Interview with Jami Attenberg

14th January 2022
Article
7 min read
Edited
11th July 2022

We spoke to New York Times best-selling author Jami Attenberg about her memoir 'I Came All This Way to Meet You', and found out a bit more about her creative process along the way.

Jami Attenberg

 

The book is full of vignettes: people you’ve met, jobs, parts of New York, holidays, sexual encounters, music, cooking with your mother. Do you carry a notebook or keep a diary, and are these initially where ideas begin to take on a fuller form? 
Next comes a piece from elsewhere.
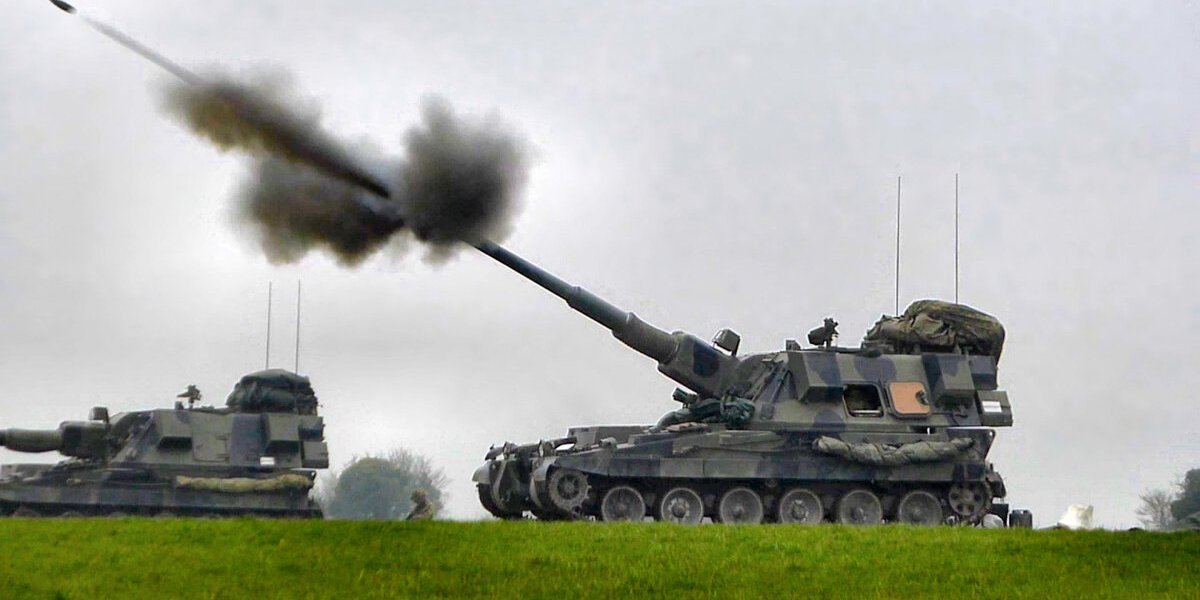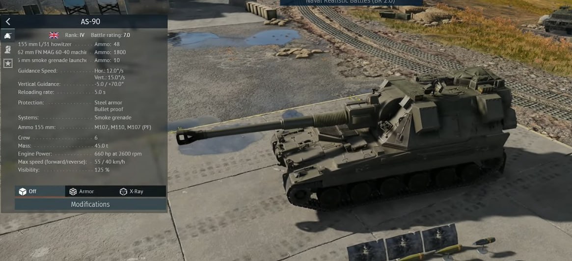AS-90 фирмы Викерс - самоходная артиллерийская установка Великобритании создана в в 1981-1986 годах и предназначалась для замены устаревших британских САУ «Эббот» и американских САУ M109.

I keep journals. I have stacks of finished ones sitting in my office, and I’m always spoiling myself and buying new ones when I travel. I love a pretty journal. I think they’re a great gift, too, so I always end up buying more than I might need because I end up giving them away. Like I’ll just grab one as I walk out the door to hand to a friend. As for the ones I keep, I use them both for collecting personal moments in my life, just general journaling kind of stuff to doing drafts of fiction or essays. The material contained within them tends to be extremely rough and casual, real first draft stuff. It’s where I can be as free-wheeling as I like. If it’s good or interesting enough that I want to pursue it further, I type it up into a word document, and then in this phase it becomes much cleaner and tighter, and I would say that’s when it takes on a much fuller form.

 

There’s a section in which you mention how chancing upon Olive Kitteridge by Elizabeth Strout helped you understand how to approach a novel that you were working on. In general, do you tend to steer clear of books similar to the one you’re writing at the time, or do you purposefully absorb yourself in books similar in style in order to inspire the work you’re doing?
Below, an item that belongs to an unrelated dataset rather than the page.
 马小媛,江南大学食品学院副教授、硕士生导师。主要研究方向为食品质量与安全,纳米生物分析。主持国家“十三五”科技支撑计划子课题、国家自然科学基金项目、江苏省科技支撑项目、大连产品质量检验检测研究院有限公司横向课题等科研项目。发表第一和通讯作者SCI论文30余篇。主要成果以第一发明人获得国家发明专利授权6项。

No, I don’t really want to read similar kinds of things to what I’m writing. I’m afraid I’ll lean on it too much, or it will influence me too much. I just want to have my own take on matters. If things have too strong a voice it actually throws me off because I’ll hear the other voice in my head rather than my own. I do like to read things that might help from a historical or research perspective. Or I might sometimes read something to see how it’s done. Like if I’m struggling with a scene that has a lot of action in it, I’ll read a book where a lot of things happen, if that makes sense. And I can learn in that way. But I don’t want to read anything that feels like what I’m working on. The aim is to create something wholly unique. I actually like to read a lot of poetry when I’m writing – I think that’s got the best influence of all on me. The elegance and simplicity of the storytelling, I find it helps to keep me focused.

 

Although you have written personal essays before, how was your experience of writing a memoir? Did your process differ from writing fiction? If so, how?
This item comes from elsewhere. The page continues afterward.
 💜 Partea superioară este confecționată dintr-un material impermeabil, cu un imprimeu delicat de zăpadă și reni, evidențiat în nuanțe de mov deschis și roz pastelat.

Well, it’s not made up, for one thing! Although I have altered some details to protect people’s identities or compressed certain moments in time. My process didn’t differ much in terms of getting the words down. I handwrote in the morning and typed up pages in the afternoon, or sometimes I typed directly into my phone. The editing process was different though. I usually write a draft that’s pretty close to the length it’s going to be, and I might add more text in here and there as I go through the editing process. With this I wrote long and well over what I wanted the length to be, and I ended up cutting about twenty thousand words with my editor’s help. I just wanted to get it all down on the page and see what was worth using. I didn’t have necessarily a clear vision from the start about the exact way I was going to carve the material. Also not all of my life is particularly interesting, so I needed another set of eyes on it to tell me what worked and what didn’t.

 

A chapter from I Came All This Way to Meet You is loosely based on a drink you had with another writer hoping to pick your brains about why you’d had success with a recent book. Which question are you asked most often by writers, and what do you think is the most common misconception of being a writer?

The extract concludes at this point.